**ABOUT THIS TASK**
Restate all the lines below word for word, but omit the pictures.

** Opening THE DATA block **

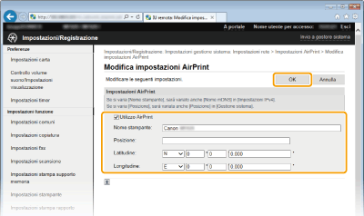 Immettere il nome e le informazioni sulla posizione di installazione per meglio identificare la macchina quando si utilizza il dispositivo Apple. Queste informazioni sono utili se sono presenti più stampanti AirPrint.
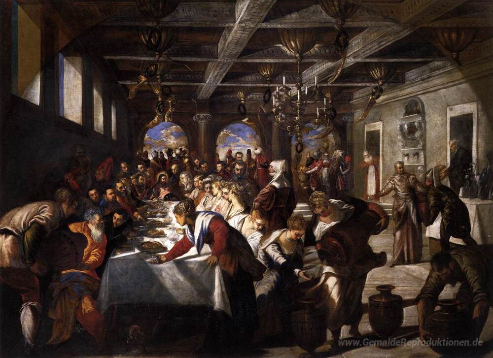 Willkommen in der Welt der Ölgemälde, in der Meisterwerke zeitloser Schönheit auf immer währende Emotionen treffen. Eines dieser beeindruckenden Werke ist Die Hochzeit zu Kana, geschaffen von dem venezianischen Künstler Tintoretto. Mit seinem einzigartigen Stil, der dynamische Kompositionen und lebendige Farben kombiniert, zieht Tintoretto den Betrachter in eine faszinierende Erzählung hinein, die das Fest der Hochzeit in all seiner Pracht darstellt.
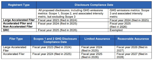 - Large, accelerated filers would begin filings to meet the rule requirements in 2024 for fiscal year 2023 GHG emissions for Scope 1 (direct) and Scope 2 (indirect) and associated intensity metrics. Other companies would have a year or two longer to comply –” (see table below for specific time periods for your company).
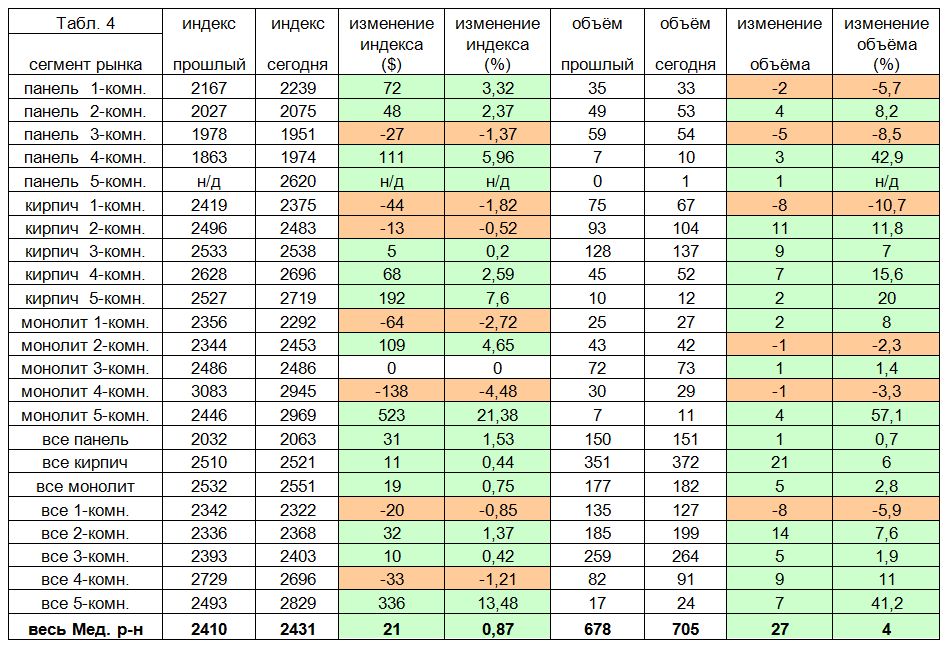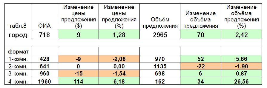 — заметным перераспределением общего предложения в пользу относительно дешевого жилья (-4$).

** Closing THE DATA block **

**ANSWER SPACE**
 Immettere il nome e le informazioni sulla posizione di installazione per meglio identificare la macchina quando si utilizza il dispositivo Apple. Queste informazioni sono utili se sono presenti più stampanti AirPrint.
 Willkommen in der Welt der Ölgemälde, in der Meisterwerke zeitloser Schönheit auf immer währende Emotionen treffen. Eines dieser beeindruckenden Werke ist Die Hochzeit zu Kana, geschaffen von dem venezianischen Künstler Tintoretto. Mit seinem einzigartigen Stil, der dynamische Kompositionen und lebendige Farben kombiniert, zieht Tintoretto den Betrachter in eine faszinierende Erzählung hinein, die das Fest der Hochzeit in all seiner Pracht darstellt.
 - Large, accelerated filers would begin filings to meet the rule requirements in 2024 for fiscal year 2023 GHG emissions for Scope 1 (direct) and Scope 2 (indirect) and associated intensity metrics. Other companies would have a year or two longer to comply –” (see table below for specific time periods for your company).
 — заметным перераспределением общего предложения в пользу относительно дешевого жилья (-4$).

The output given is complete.